-- DIRECTIONS --
Leaving out the images, please output every entry exactly as it appears.

[Data excerpts]
*** Begin section ***
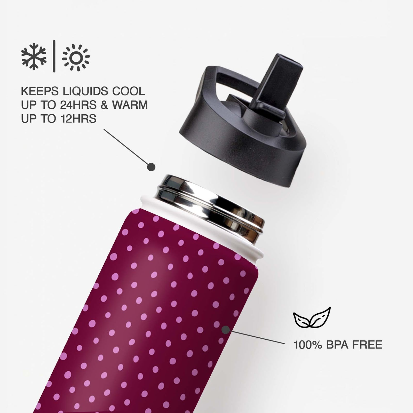Meet your new everyday fave: a burgundy pop water bottle with a playful polka-dot finish that brings cute energy to every sip. Designed to look chic on the go, it’s the kind of accessory that makes staying hydrated feel a little more put-together.
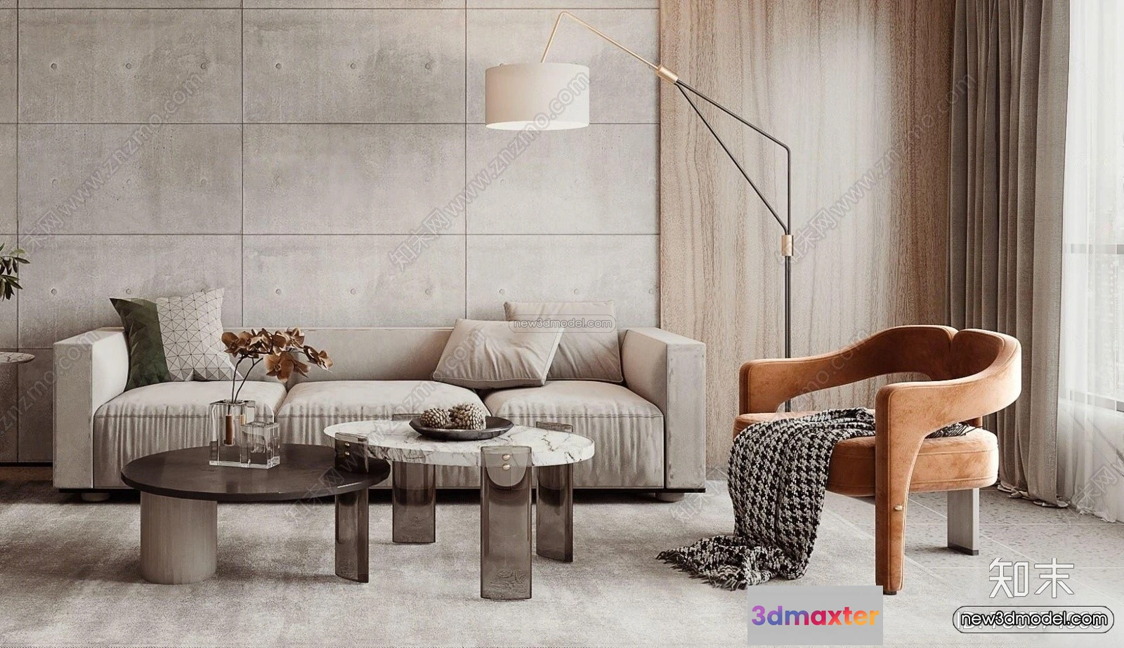 Modern Style Interior 3D Blocks – Living Room 3D Model – 051 – Living room 3D Model – VRAY
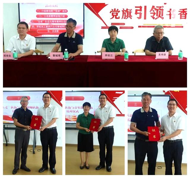 郑荣奕校长与三位“五老”代表出席活动,并为三位“五老”代表颁发结对证书
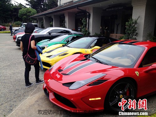 當(dāng)?shù)貢r(shí)間8月17日,美國(guó)加州蒙特雷舉辦經(jīng)典汽車(chē)展,民眾觀看法拉利等名車(chē)。一輛1962年的法拉利跑車(chē)創(chuàng)下3811.5萬(wàn)美元拍賣(mài)記錄。中新社發(fā) 劉丹 攝
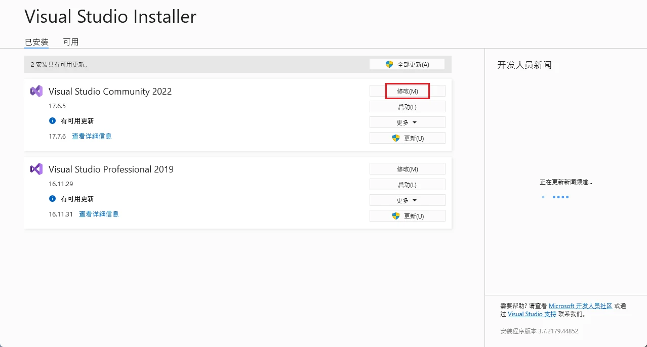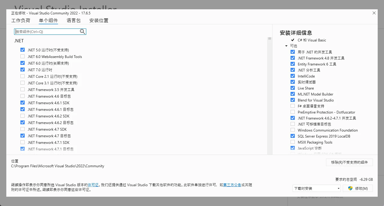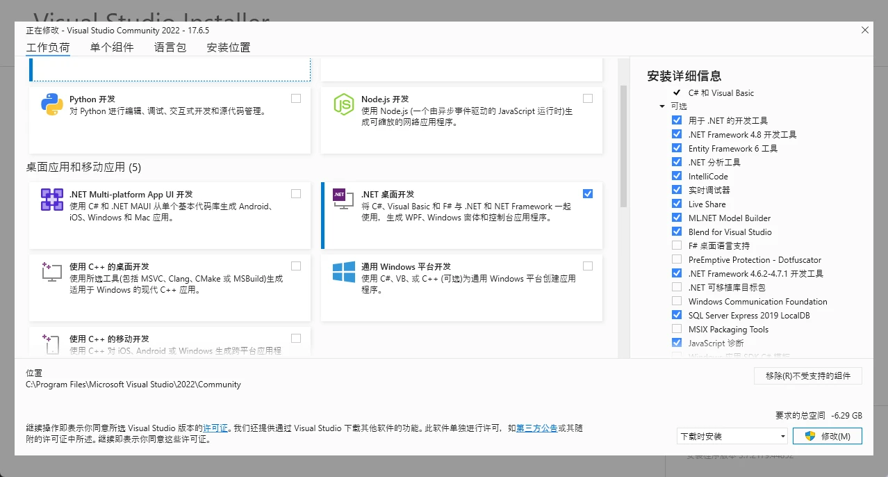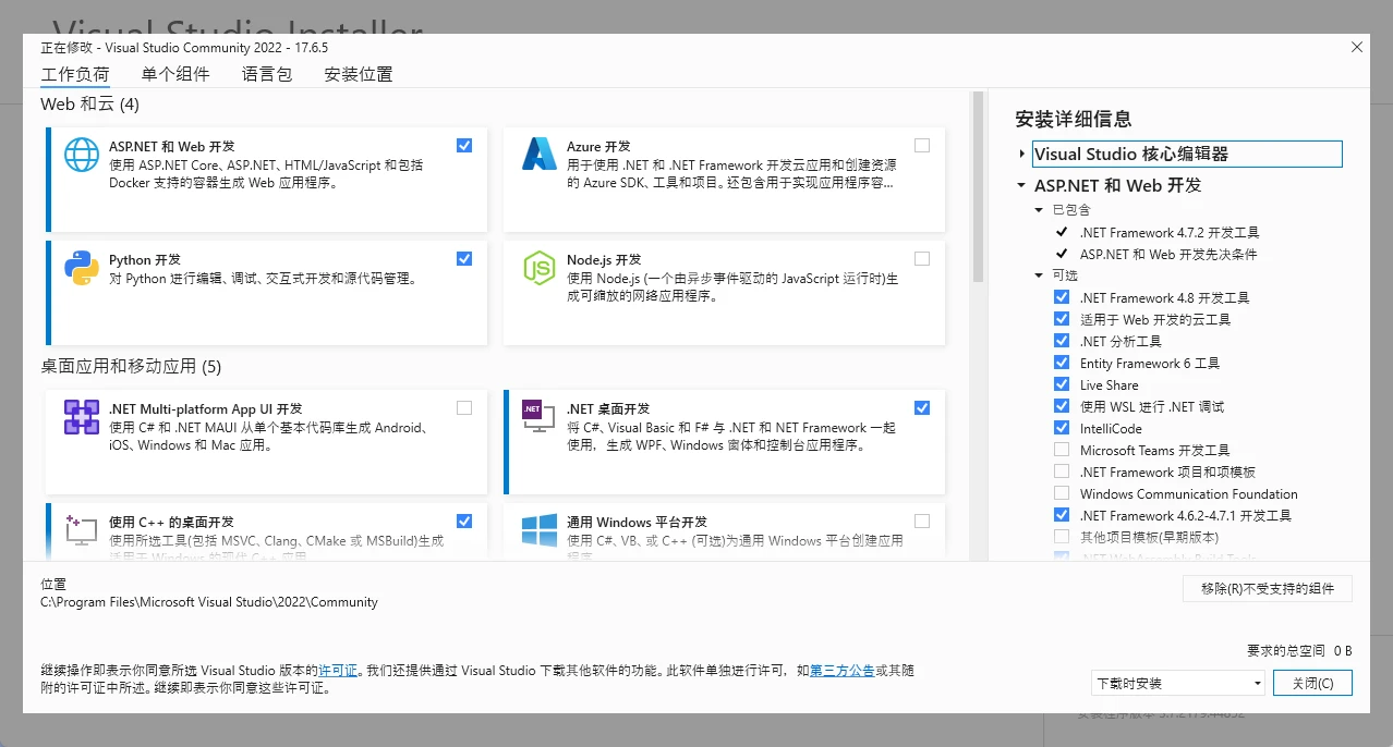 我们主要需要安装的就是.net桌面开发应用,在可选项中安装framwork4.8工具和.net6工具。
*** End section ***
-- RESPONSE TO THE TASK --
Meet your new everyday fave: a burgundy pop water bottle with a playful polka-dot finish that brings cute energy to every sip. Designed to look chic on the go, it’s the kind of accessory that makes staying hydrated feel a little more put-together.
 Modern Style Interior 3D Blocks – Living Room 3D Model – 051 – Living room 3D Model – VRAY
 郑荣奕校长与三位“五老”代表出席活动,并为三位“五老”代表颁发结对证书
 當(dāng)?shù)貢r(shí)間8月17日,美國(guó)加州蒙特雷舉辦經(jīng)典汽車(chē)展,民眾觀看法拉利等名車(chē)。一輛1962年的法拉利跑車(chē)創(chuàng)下3811.5萬(wàn)美元拍賣(mài)記錄。中新社發(fā) 劉丹 攝
 我们主要需要安装的就是.net桌面开发应用,在可选项中安装framwork4.8工具和.net6工具。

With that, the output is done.